Trump announced harsh tariffs that will hit the global economy and markets. This is a historic watershed where the present rules-based world order is threatening to crumble yield to one where the strong prey on the weak.
US President Donald Trump announced reciprocal tariffs that were higher than feared. The tariff package will increase tariffs on China, for example, to as much as 54 percent, including previous tariffs. EU tariffs will rise by 20 percentage points. The base case is 10 percent, which hints where negotiated tariff rates may finally settle. Just a few weeks ago, ten percent sounded draconian, now it sounds positively reasonable.
Round 2, retaliatory tariffs
Other countries will respond with their own tariffs. Counter-tariffs are limited by US threats of retaliation. The US has more bargaining power than other countries because of its large economy and geopolitical might.

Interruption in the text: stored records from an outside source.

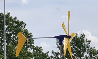 Der Rotordurchmesser scheint bei diesem gelben Horizontalläufer nicht viel weniger als 1 m zu betragen weshalb dafür etwas größere Generatoren als der vorgeschlagene kleine "Stepper" in Frage kämen. Habt ihr schon einen passenden Generator? Für Windräder ab etwa 70 cm Durchmesser kämen u.U.Nabendynamos von Fahrrädern in Frage, beim Horizontalläufer müsste es dann einer mit Vollachse sein.
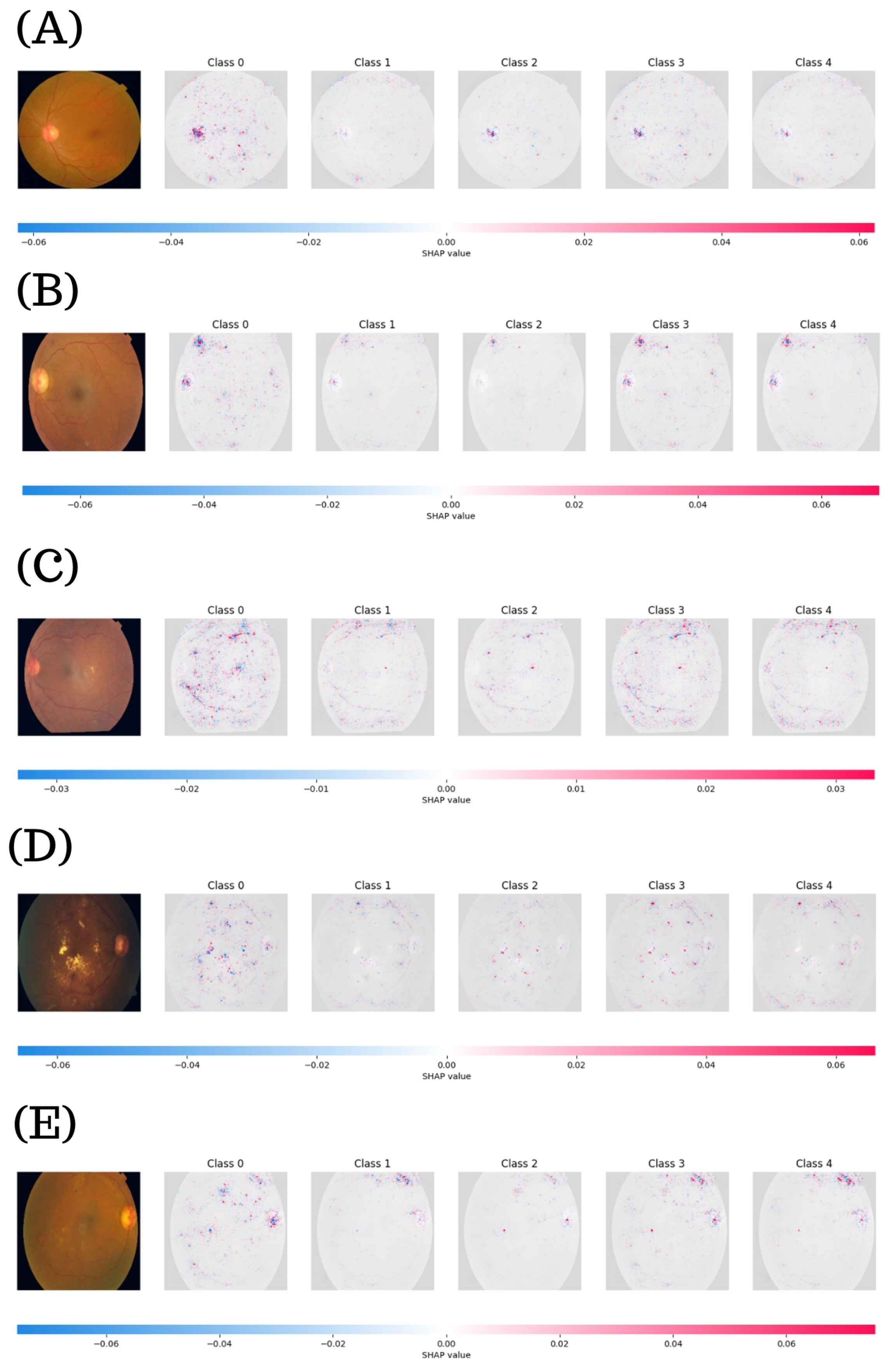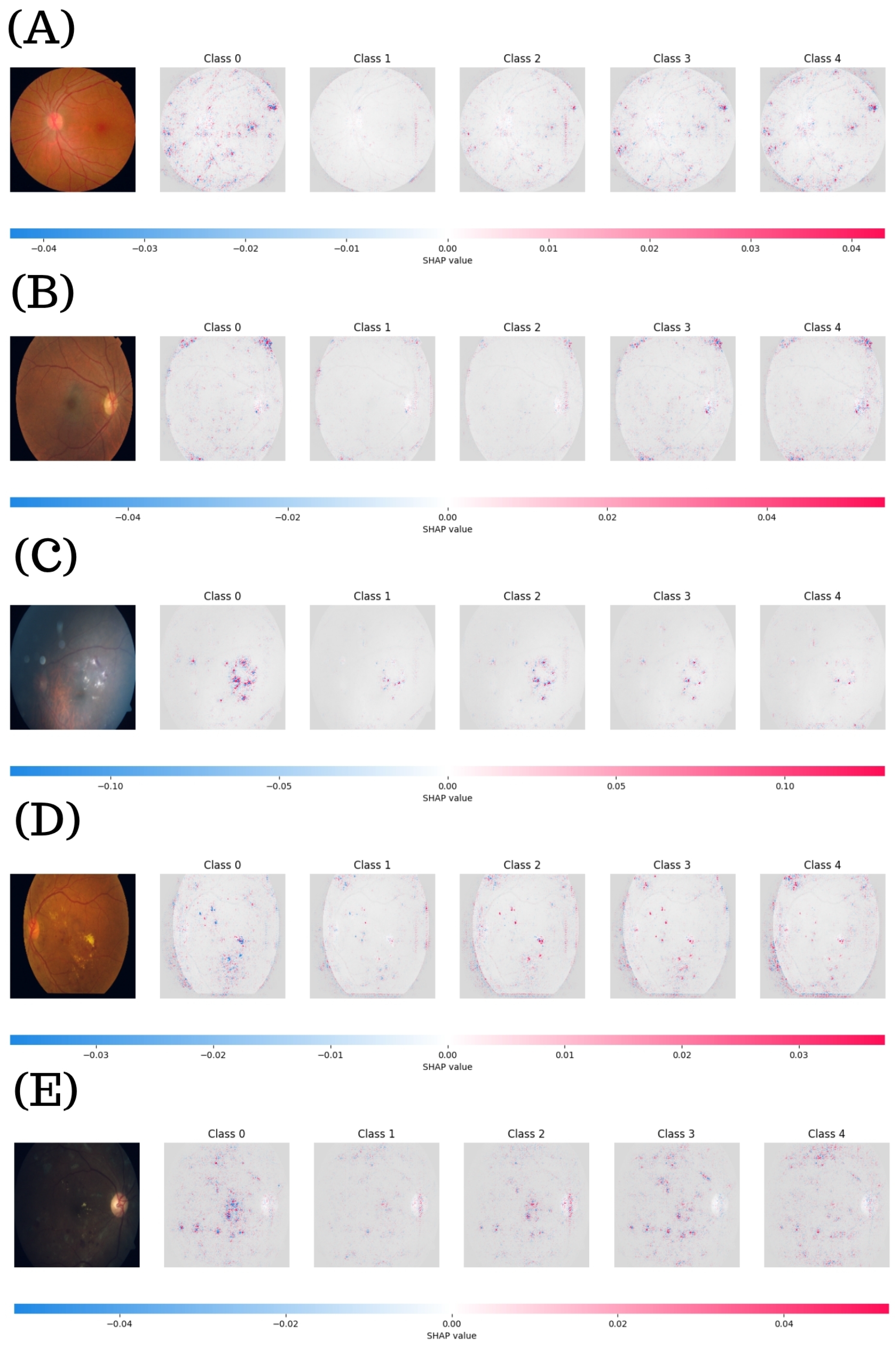 For case D (Class 3), the image shows well-defined exudates and vascular irregularities. The SHAP maps confirm these pathological markers, with intense activations in Class 3 and Class 4. These lesions are consistently highlighted in red across both classes, supporting the model’s attribution of these features to advanced DR. The pronounced contrast between Classes 0–2 and Classes 3–4 reflects a more binary interpretation of DR progression at this stage. Finally, case E (Class 4) details widespread retinal damage; SHAP maps exhibit dense regions in Class 3 and Class 4, particularly near hemorrhagic sites and neovascular formations. This distribution confirms that the model focuses on clinically significant abnormalities to justify its severe classification. Additionally, the lack of red activations in Classes 0-2 reinforces the model’s capacity to discount irrelevant features in advanced cases.
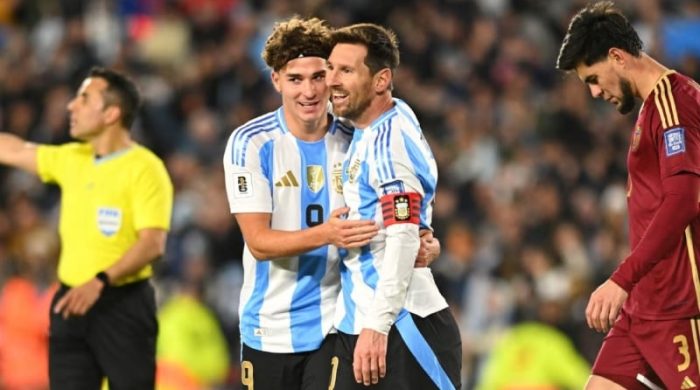 ঘরের মাঠে সম্ভাব্য ‘শেষ ‘ ম্যাচ খেলতে নেমেছিলেন লিওনেল মেসি। ক্যারিয়ারের শেষ বেলায় এসেও মাঠে সবটুকু আলো কাড়লেন, নিজেকে উজাড় করে দিয়ে পেলেন জোড়া গোল। মেসি ম্যাজিকের সঙ্গে জালের দেখা
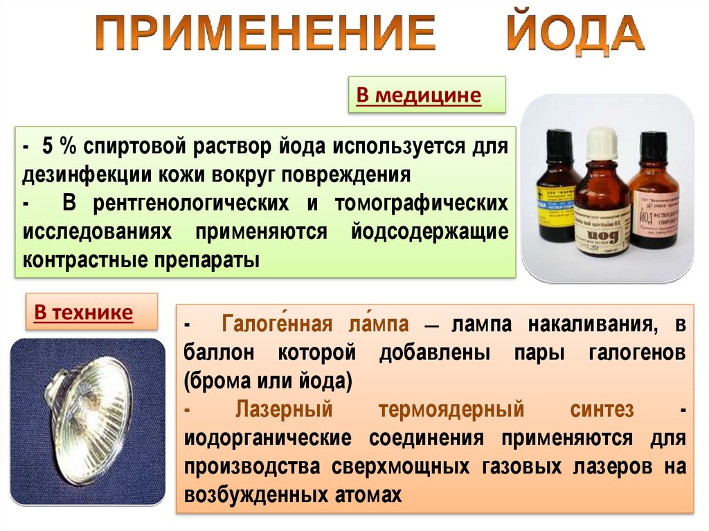 В медицине- 5 % спиртовой раствор йода используется для

Trump wants to leverage the power of the world’s greatest economy into bargaining power. Why play by the rules, if you are the alpha male. According to his niece, as a child Donald hid his little brother's favourite toy, which he was desperately searching for. Now we are all his younger sibling wondering what happened to the toys we played with all these years.
The toughest of the opponents is the European Union. The Union is gearing up for a trade war by having prepared a directive to tax American service. A significant proportion of the sales of American technology giants are service exports. However, it’s likely that most countries cannot retaliate. Especially the smaller economies.
A negotiation ploy or not?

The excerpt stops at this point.